The determination of whether an area is “underserved” is based on maps of throughput offered by providers maintained by the FCC. The maps have proven notoriously controversial and inscrutable and subject to provider abuse of overstating service offerings. The FCC is in the process of revising the methodology to improve them, but that process will likely generate further disagreement and delay that serves only the interests of legacy incumbent providers.

Sunday, March 28, 2021

Biden administration’s infrastructure initiative must reorder roles and responsibilities for advanced telecommunications

If the United States is to rapidly modernize its outdated copper telephone infrastructure to fiber optic lines reaching every American doorstep – the need for which became painfully apparent with pandemic public health restrictions that turned homes into offices, classrooms and clinics – it’s imperative the Biden administration’s infrastructure revitalization initiative reallocate roles and responsibilities in order to make that happen.

A major impediment has been expecting too much of legacy telephone companies. For the past three decades, advanced telecommunications policy has placed the burden on them to do it all: own, finance, design, build and operate. They simply lack the capacity to take on all five functions, even with subsidies to make financing easier. Subsidies haven't worked because unlike legacy voice telephone service where companies must provide connections to all homes requesting them, there is no regulatory incentive to utilize them.

Infrastructure requires billions of dollars. Investors in these companies aren’t willing to make those major investments unless they generate returns in five to six years. That limits them to dense urban and suburban neighborhoods and greenfield and multifamily developments, leavings others unfibered for the foreseeable. These companies also have highly leveraged balance sheets that limit their ability to finance construction even if their investors were more favorably inclined and willing to wait longer for financial paybacks or accept lower shareholder dividends.

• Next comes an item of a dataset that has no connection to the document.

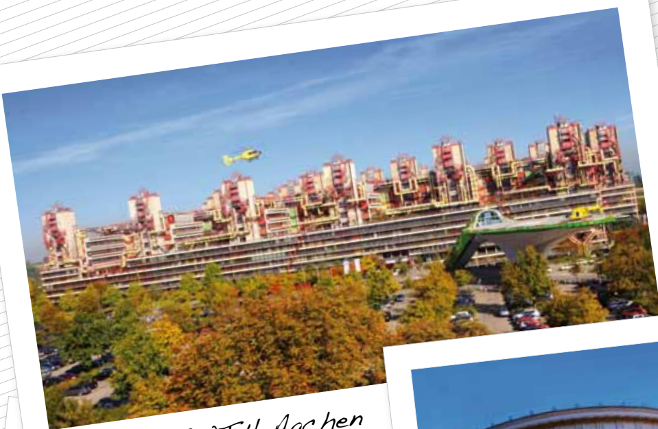
Uniklinik RWTH Aachen

These circumstances demand a reallocation of the five functions between the public and private sectors to get the nation to where it needs to be in the 21st century of digital, Internet protocol powered advanced telecommunications. The public sector and utility consumer cooperatives will have to take on finance and ownership and leave it to the investor-owned companies to do what they can reasonably be expected do and do best: design, build and operate -- and not own and finance. As the Biden administration introduces its proposed infrastructure revitalization program, this reordering of roles and responsibilities will be an essential component.

Thursday, April 03, 2014

Summers urges infrastructure construction to revitalize torpid economy. How about fiber to the premise?

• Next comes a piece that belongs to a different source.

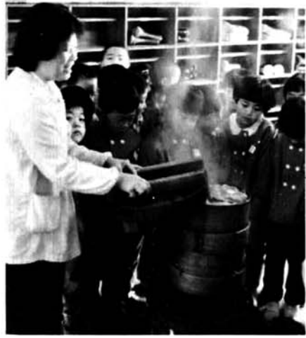
▲ こんなことしてもち米を……

このもちつきは、東谷の木曾さんさんが、もち米やカマド、ウスなど一式を持参しての、もちつき実演によるプレゼントです。つきたての伸びるもちを子どもたちから食べていたところと四年ほど前から塚山保育所で行っています。ペタン・ペタンと大きなキネを高く振り上げ、力いっぱいおもちをつく光景に、子どもたちはヨイショ・ヨイ

The Perpetual Bubble Economy - NYTimes.com: “A strategy that relies on interest rates significantly below growth rates for long periods of time virtually guarantees the emergence of substantial bubbles and dangerous build-ups in leverage,” Mr. Summers wrote recently. “The idea that regulation can allow the growth benefits of easy credit to come without the costs is a chimera.”

A better route, Mr. Summers argued, would be to run deficits, perhaps indefinitely, even during economic good times. To help the economy right now, for instance, he argued for huge infrastructure spending, especially since money is cheap and so many construction workers are out of a job.
In addition to bridges and highways, water distribution systems and other public infrastructure, why not a public works project to bring fiber optic telecommunications service to every American home and business premise? Especially when 20 to 30 percent of them are left off the Internet grid?